Given information: Begin

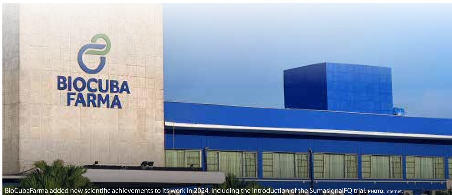
BioCubaFarma added new scientific achievements to its work in 2024, including the introduction of the SumasignalFQ trial.

Three processes developed by the Genetic Engineering and Biotechnology Center (CIGB) also stand out: first, new clinical and non-clinical evidence of the therapeutic effects of Juzvinza; second, the approval, by the United States Food and Drug Administration, of a new medication under research for clinical study phase three of the Heberprot-P in that country. The third is the transfer of technology of the Hebernem/Aikexian product to the Shandong Lukang Heber Biotec, Co Ltd. joint company, for introduction in China's agricultural production.
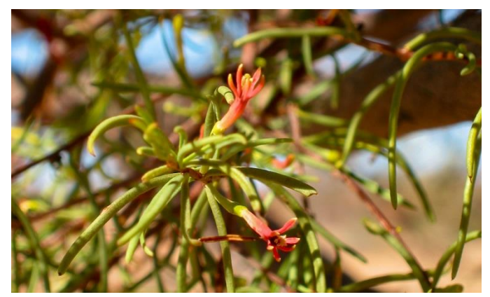
Mistletoe on a Grevillea striata near Little Topar NSW

But, will they? One poster disagreed and posted a link to a news story. I read it with interest and that lead to more research. Here's what I found out. Firstly, Melbourne City Council has deliberately infected healthy trees with mistletoes. Why?
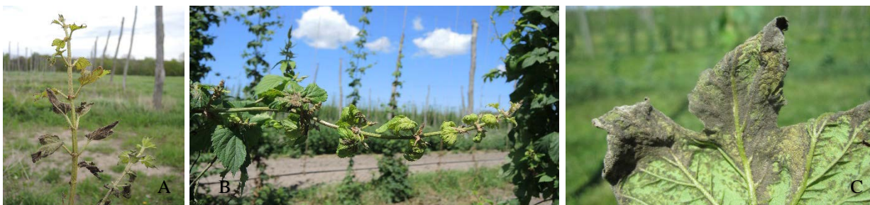
Picture A. Stunted downy mildew infected spike with sporulation. B. Downy mildew infected bine with cupped leaves failing to climb the string. C. Downy mildew sporulating on the underside of a leaf.

Scouting for downy mildew should begin when plants begin to grow and continue until the crop is dormant. Weekly scouting and monitoring is recommended and can help determine the level of disease that is present and whether current management practices are effective. Disease symptoms include stunted basal shoots that appear yellowish, bines that fail to climb the coir, brownish leaf lesions and terminal buds on sidearms. Disease signs include a gray to brown, fuzzy appearance on the underside of infected leaves due to the pathogen reproducing. Determine manageable parcels to monitor based on location, size and variety and scout these areas separately. It may be practical to monitor blocks that are 10 acres or smaller with plants of the same variety, age and spacing. Walk diagonally across the yard and along an edge row and change the path that is walked each time so as to inspect new areas. If downy mildew is observed, re-examine those specific areas each week.
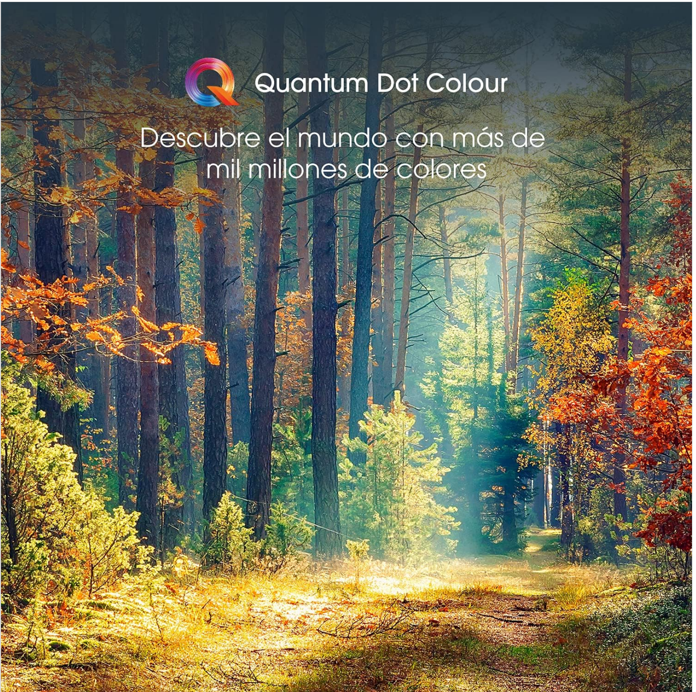
Figure 5: Quantum Dot Colour for vibrant and accurate colors.

Descubre el mundo con más de mil millones de colores
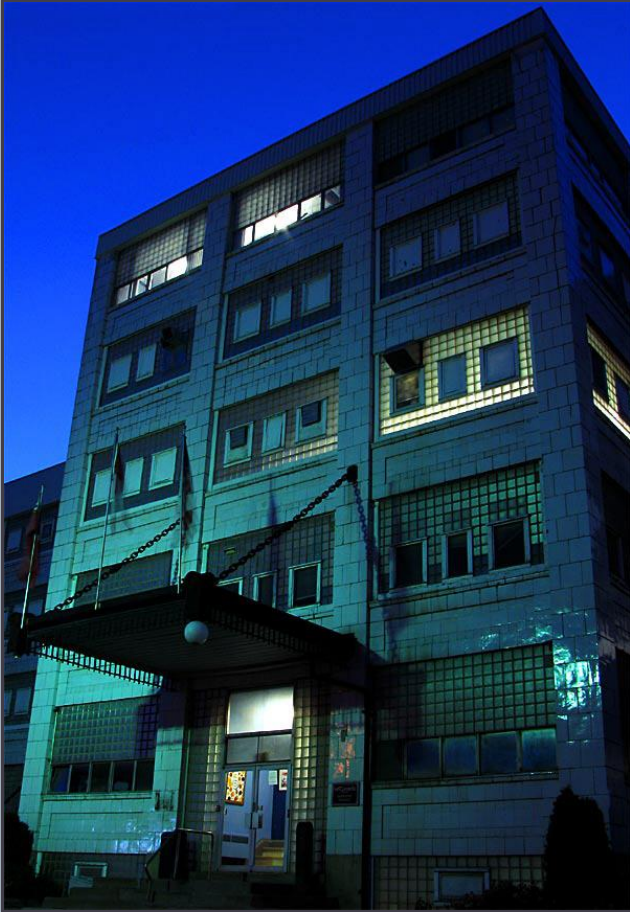
"Cookie Factory"
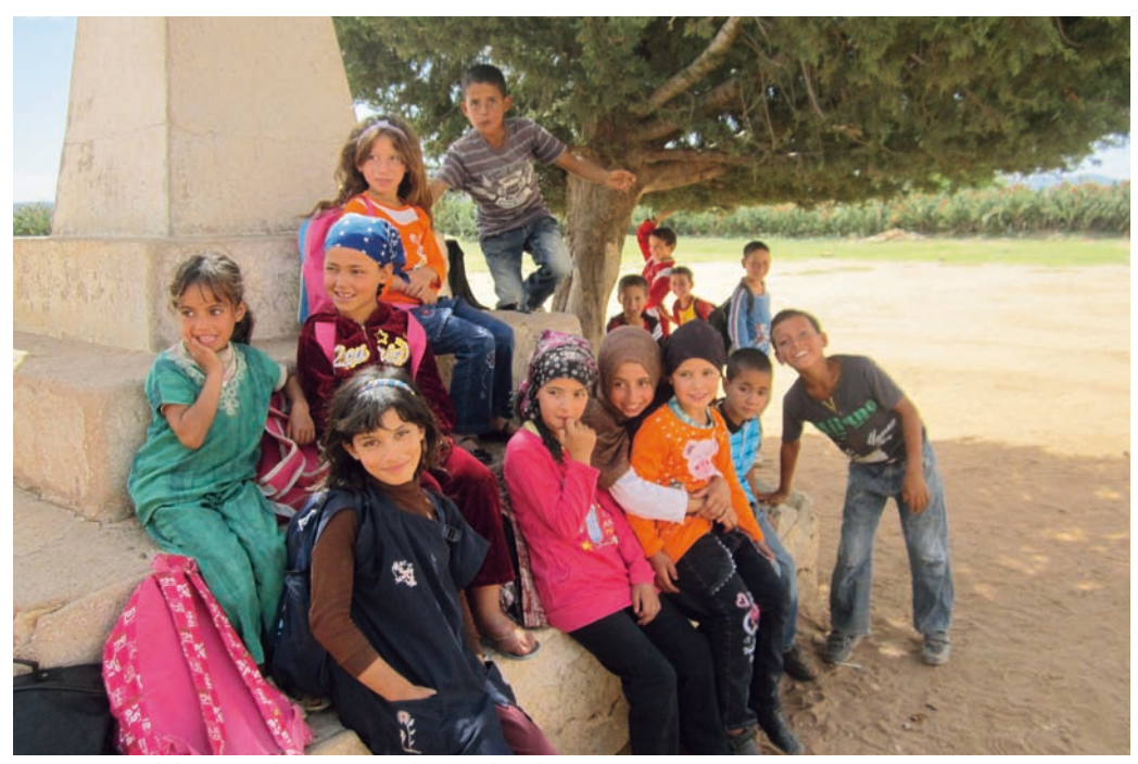
Community children on their way to school - El-Brek district, Kasserine, Tunisia
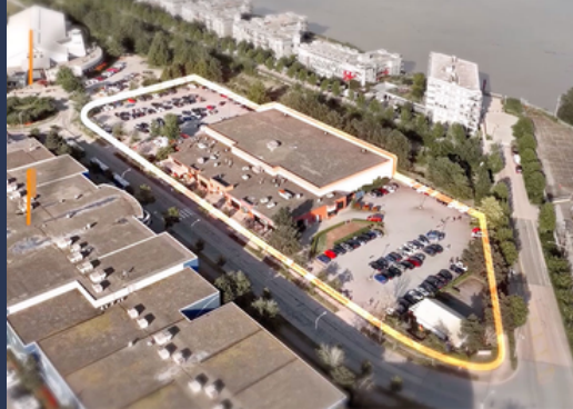
14100 ENTERTAINMENT BLVD RICHMOND
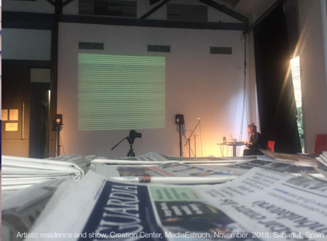
Artistic residence and show, Creation Center, MediaEstruch, November 2018, Sabadell, Spain
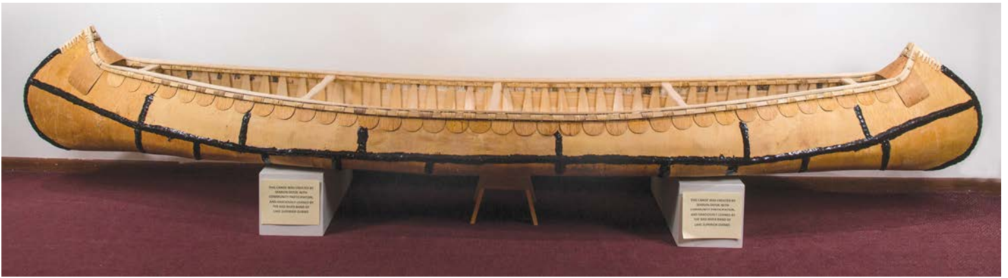
Birchbark art forms to be included in Lorraine Norrgard's book include: Birchbark Canoe by Marvin Defoe, Red Cliff Band of Lake Superior Ojibwe
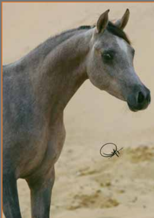
Anbar Noor (Ibn Arabia Sqr. x Hams El Kouloub)
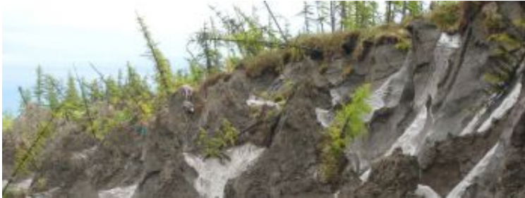
Thawing permafrost sediments at Duvanny Yar, eastern Siberia

acts like a giant freezer, preserving countless plant and animal remains of the past ecosystem of Beringia.
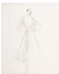
Rough Sketch of Dress with Cut-Out Motifs (KA002201_OSxxx1_f09_01)
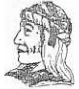
UGWA DEMOLUH YATENE
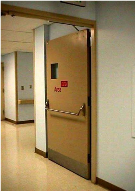
Fire and Smoke Doors

Know the location of the nearest fire extinguisher, pull station, exit, and red emergency power outlets in your work area. Do not block fire and smoke doors.
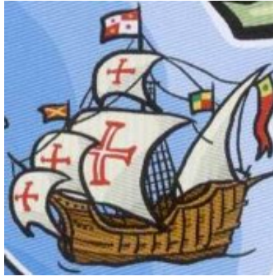
Figure 6 – Spanish caravels ( idem ).

The fact that there are Spanish items amidst Portugal's symbols and icons can be interpreted in two different ways: the intertwining of the history of Portugal and Spain throughout the centuries, as mentioned above, namely when concerned with the Discoveries, as well as some blurred misconceptions from the authors towards what is specifically Portuguese and Spanish.

Given information: End

• Task goal
Restate the lines above from the one containing "Anbar Noor (Ibn" through the one containing "Figure 6 – Spanish caravels ( idem ).", inclusive, exactly and without pictures.

• Your solution
Anbar Noor (Ibn Arabia Sqr. x Hams El Kouloub)
Thawing permafrost sediments at Duvanny Yar, eastern Siberia

acts like a giant freezer, preserving countless plant and animal remains of the past ecosystem of Beringia.
Rough Sketch of Dress with Cut-Out Motifs (KA002201_OSxxx1_f09_01)
UGWA DEMOLUH YATENE
Fire and Smoke Doors

Know the location of the nearest fire extinguisher, pull station, exit, and red emergency power outlets in your work area. Do not block fire and smoke doors.
Figure 6 – Spanish caravels ( idem ).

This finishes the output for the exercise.